This discussion has been locked.
You can no longer post new replies to this discussion. If you have a question you can start a new discussion

What is the GPU/driver doing if not shading?

I ran Streamline on the SimpleTriangle example from Mali OpenGL ES SDK for Android v1.6.0. Basically, each frame it renders a triangle, that covers half of the frame. It renders to the default framebuffer. What I observe is, that most of the time is spent not vertex/fragment processing. What is actually the GPU/driver doing during this time? Note that I don't mean the time between frames, but the time between vertex and fragment processing.

I have tried this example on two platforms, one with Mali-400 and the other with Mali-450. Both give the same result.

Below is an illustration of the behavior when rendering a single frame. As you can see, the middle part is a significant portion of the processing of the frame.

what-is-the-gpu-doing-part.png

Below is a trace of the OpenGL API calls for a single frame.

glClearColor(red=0.0, green=0.0, blue=0.0, alpha=1.0)

glClear(mask=GL_DEPTH_BUFFER_BIT|GL_COLOR_BUFFER_BIT)

glUseProgram(program=3)

glVertexAttribPointer(index=0, size=2, type=GL_FLOAT, normalized=GL_FALSE, stride=0, pointer=0x776e3af0)

glEnableVertexAttribArray(index=0)

glDrawArrays(mode=GL_TRIANGLES, first=0, count=3)

eglSwapBuffers(dpy=0x1, surface=0x77474988)

Parents
  • Hi sogartar,

    As McGeagh mentioned in that highlighted region the GPU fragment activity is your fragment shader running on each pixel. If I understand correctly you are asking about "Fragments rasterized count" counter? This counter counts the fragments rasterized from triangles. More details available Rasterisation - Wikipedia, the free encyclopedia.

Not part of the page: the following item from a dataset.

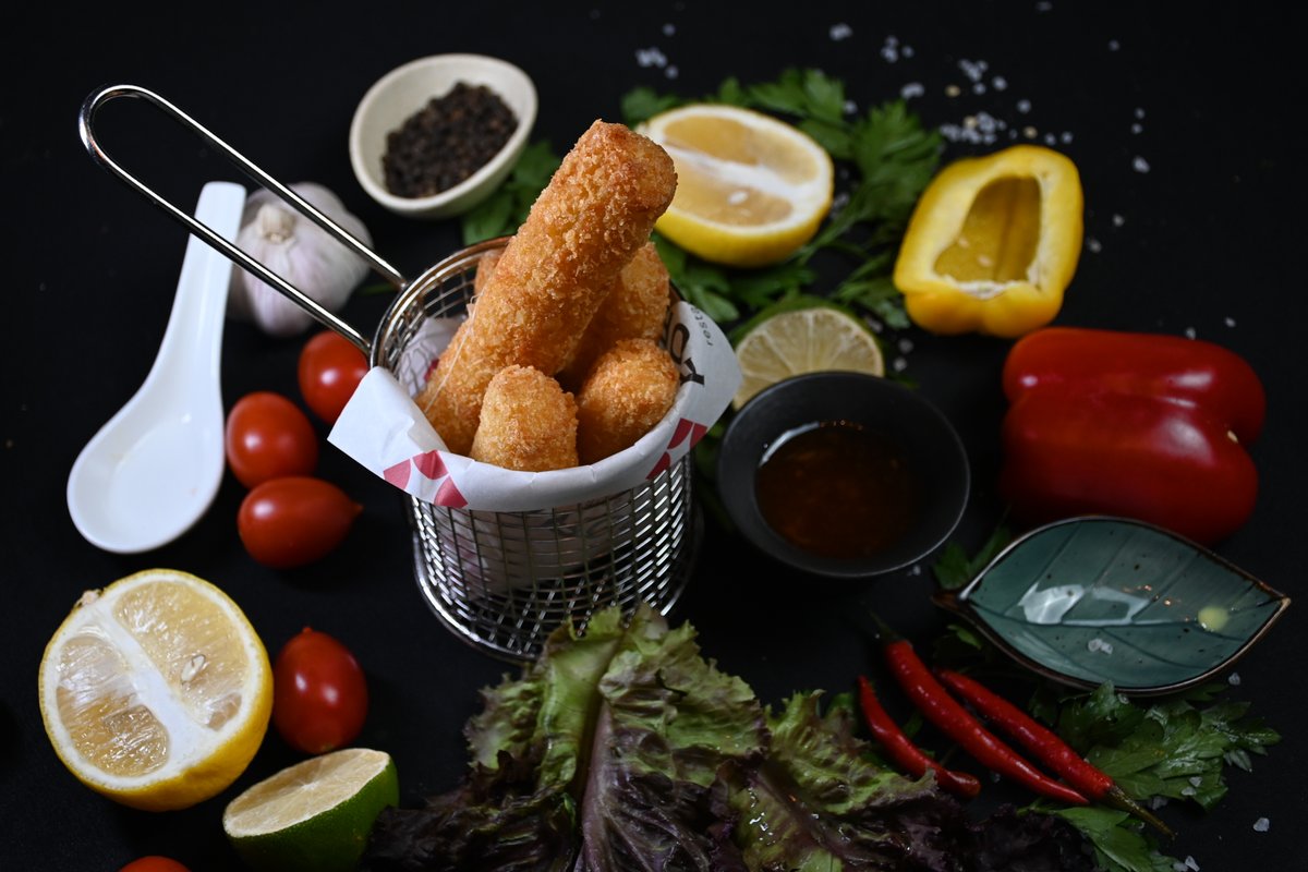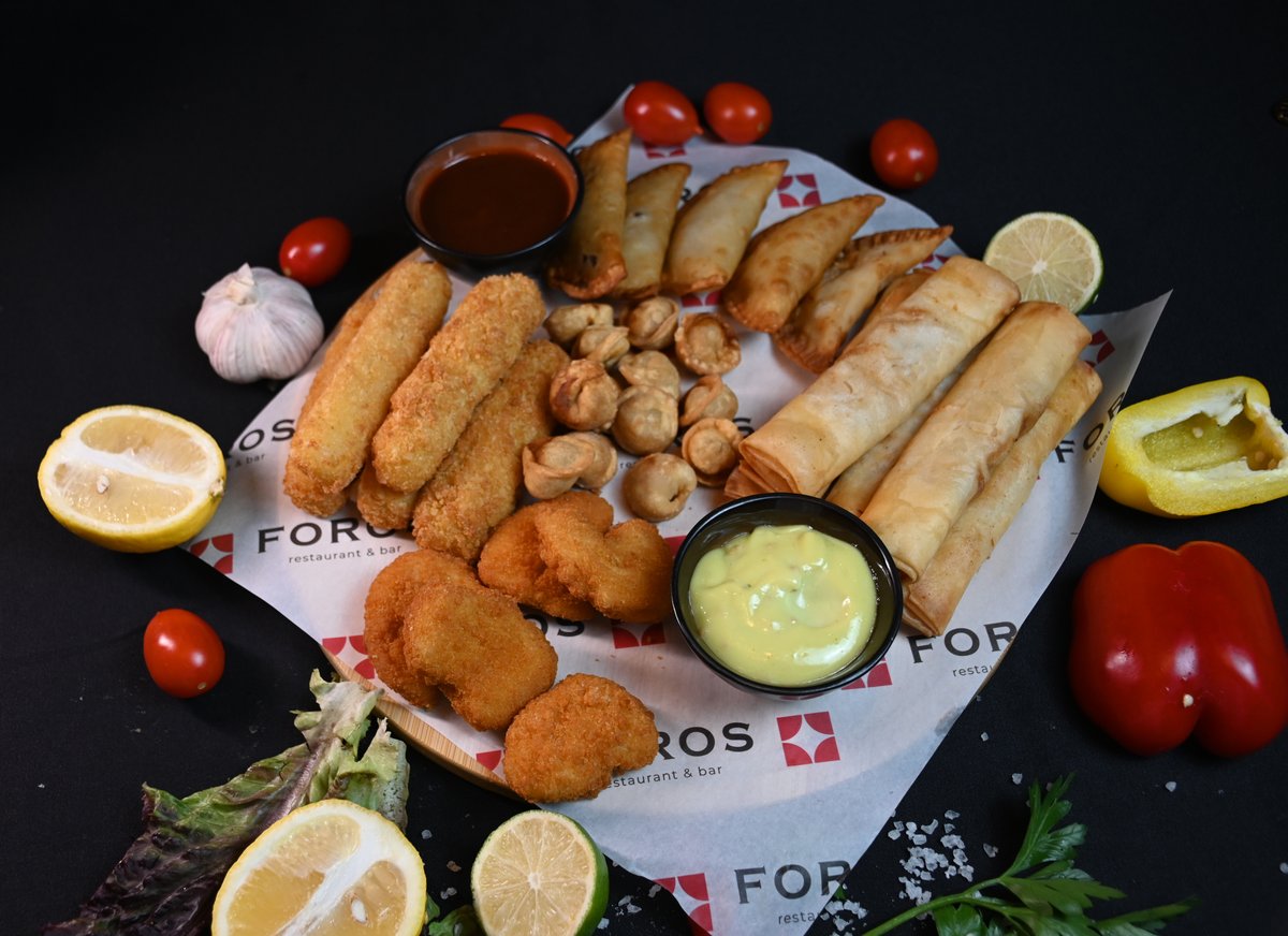 Наггетсы, мини чебуреки, мини пельмешки, сырные палочки, спринг роллы, соусы: барбекю, айоли.

    In that highlighted region for these counters, you see it idle because this needs to happen before any fragment shading can start. If you scroll to the left you should see these counters with some bigger numbers for that highlighted GPU fragment activity.

    HTH,

    Wasim

Reply
  • Hi sogartar,

    As McGeagh mentioned in that highlighted region the GPU fragment activity is your fragment shader running on each pixel. If I understand correctly you are asking about "Fragments rasterized count" counter? This counter counts the fragments rasterized from triangles. More details available Rasterisation - Wikipedia, the free encyclopedia.

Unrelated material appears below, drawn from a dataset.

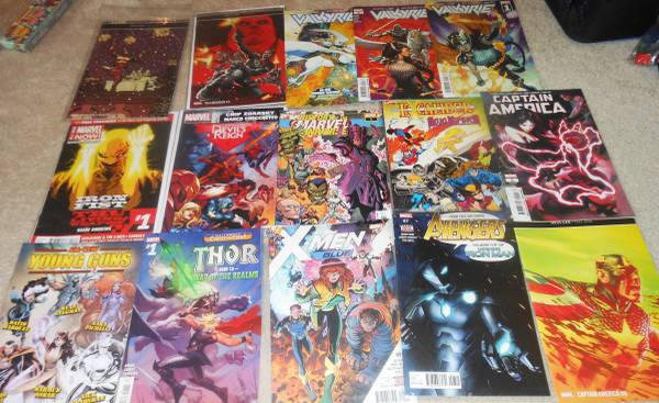 Lot D 15 Comics Mixed Lot Valkyrie # 1, 2,3 Season's Beatings # 1 Killmonger # 2 Iron Fist # 1 Captain America # 5, 6 Excalibur: Mojo Mayhem History of the Marvel Universe # 1 Devil's Reign # 1 X-Men Blue # 1 Avengers # 7 T+ Thor: Road to War of the Realms # 1 Young Guns # 1 Sampler (2014) $20 for this lot
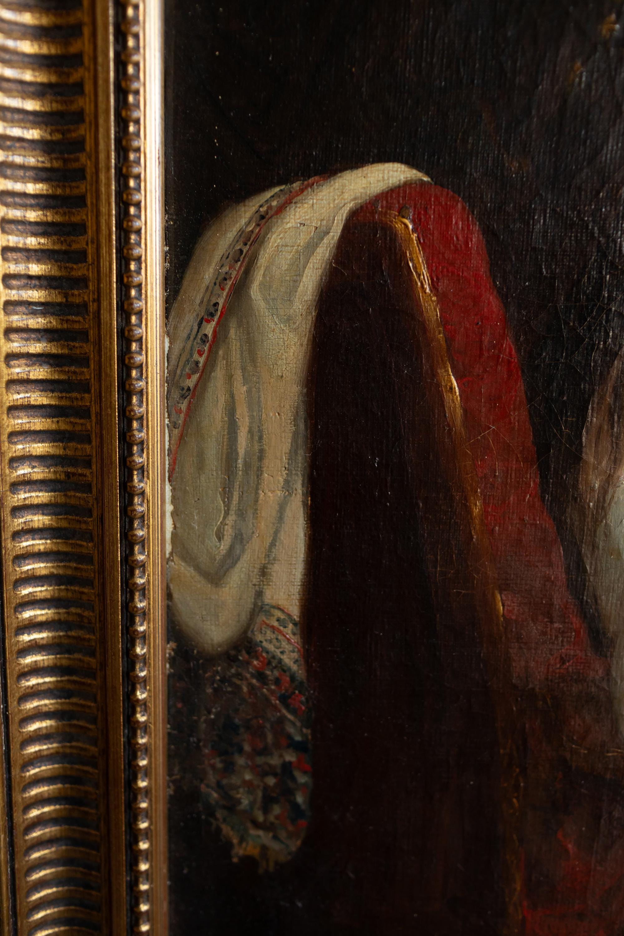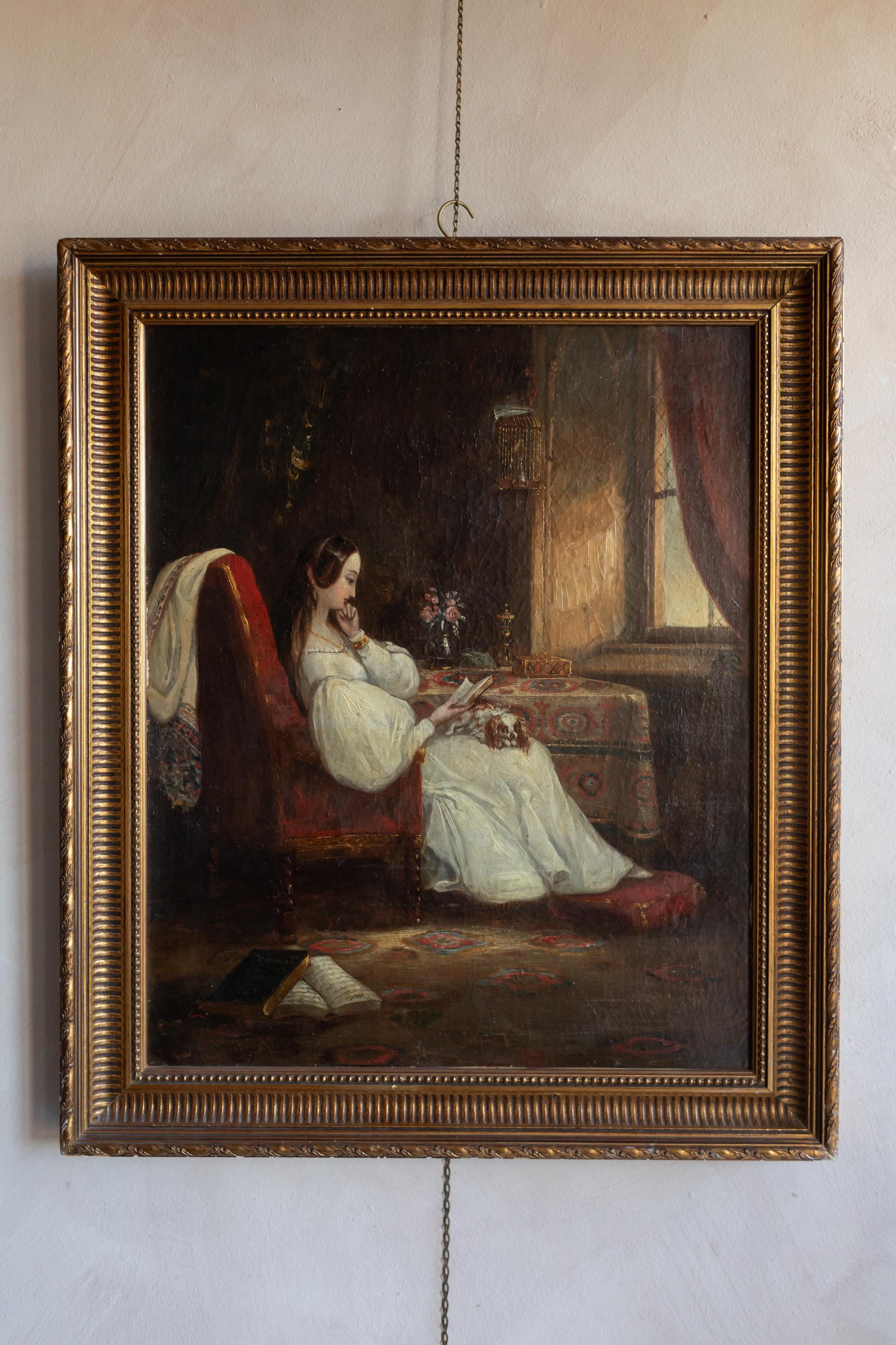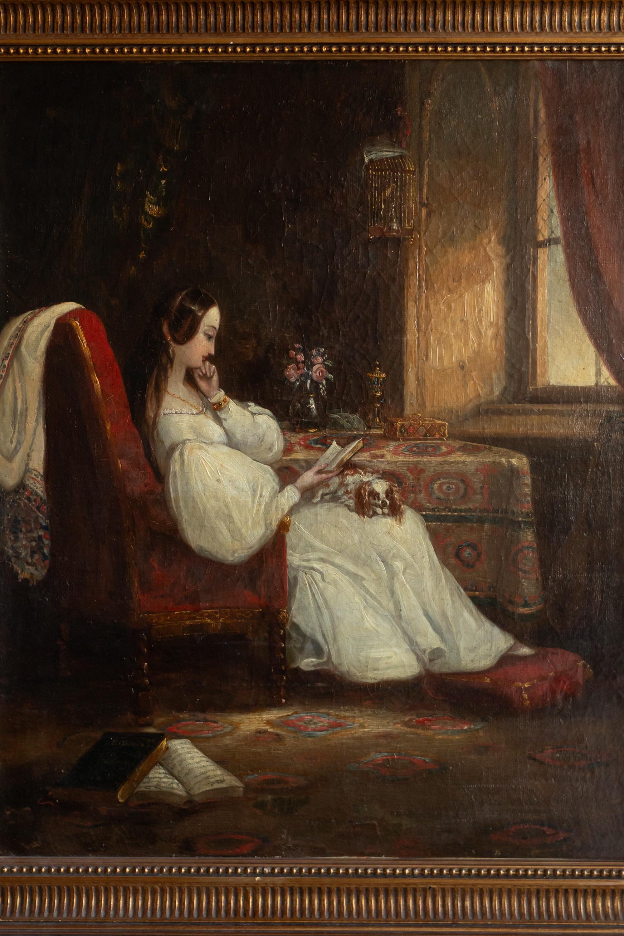 A 19th Century large portrait painting of a woman and her dog. Lovely details in the room. This antique piece is oil paint on canvas. Its been restored and relined. Due to its age it does have some craquelure but is in overall good condition. This painting has undergone extensive restoration and has been fully re-canvased and placed back on the original stretcher. The details of this painting are amazing and is certainly a statement piece in any home. This painting is unsigned.

    In that highlighted region for these counters, you see it idle because this needs to happen before any fragment shading can start. If you scroll to the left you should see these counters with some bigger numbers for that highlighted GPU fragment activity.

    HTH,

    Wasim

Children
  • Hi Wasim,

    To be honest your replay did not make much sense to me.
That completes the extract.